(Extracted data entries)
*** Begin section ***

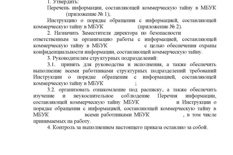 1. Проведение Skype-встречи для определения целей и желаемых результатов от внедрения Положения о коммерческой тайне 2. Разработка Положения 3. Консультации по внедрению (бесплатно)
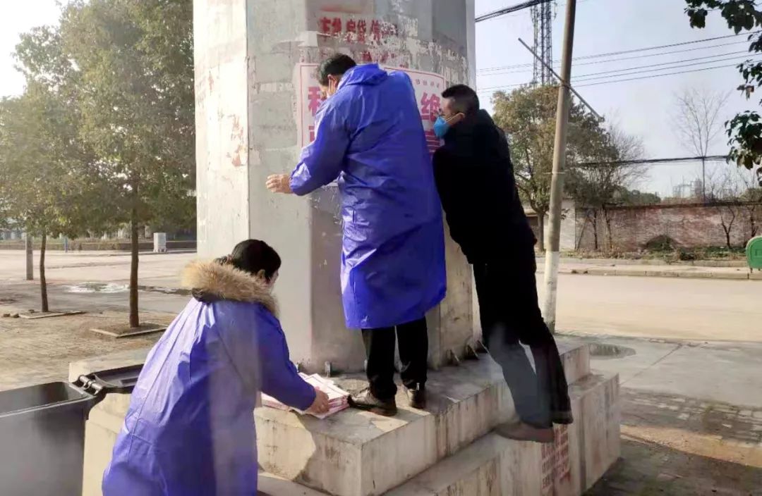 曾都区委政法委机关干部协助社区工作人员张贴宣传标语
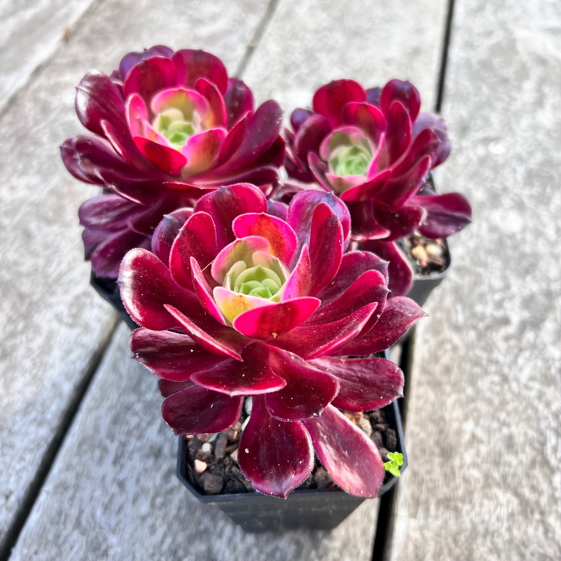 Aeonium Medusa has dark center and red variegation on its side of leaves.
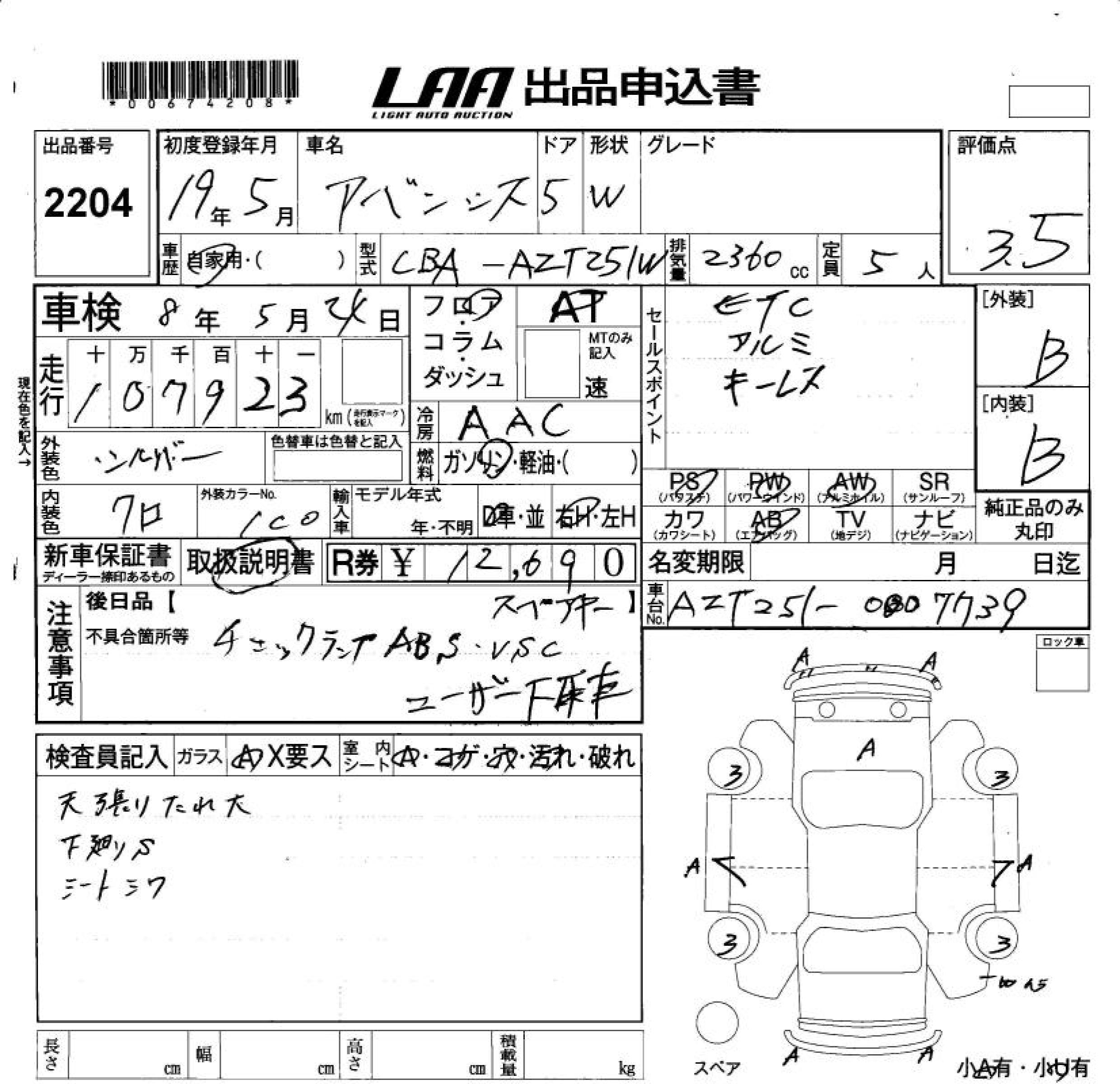 TOYOTA AVENSIS WAGON - лот 2204
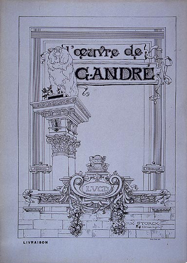 Couverture de livraison de L'uvre de Gaspard André, dessin de Paul Cret, n. d., vers 1897. Lyon, Archives municipales, 3 S Atlas 6

*** End section ***

# [Task prompt]
Your task is to reproduce every record exactly while omitting the pictures.

# [Output below]
 1. Проведение Skype-встречи для определения целей и желаемых результатов от внедрения Положения о коммерческой тайне 2. Разработка Положения 3. Консультации по внедрению (бесплатно)
 曾都区委政法委机关干部协助社区工作人员张贴宣传标语
 Aeonium Medusa has dark center and red variegation on its side of leaves.
 TOYOTA AVENSIS WAGON - лот 2204
 Couverture de livraison de L'uvre de Gaspard André, dessin de Paul Cret, n. d., vers 1897. Lyon, Archives municipales, 3 S Atlas 6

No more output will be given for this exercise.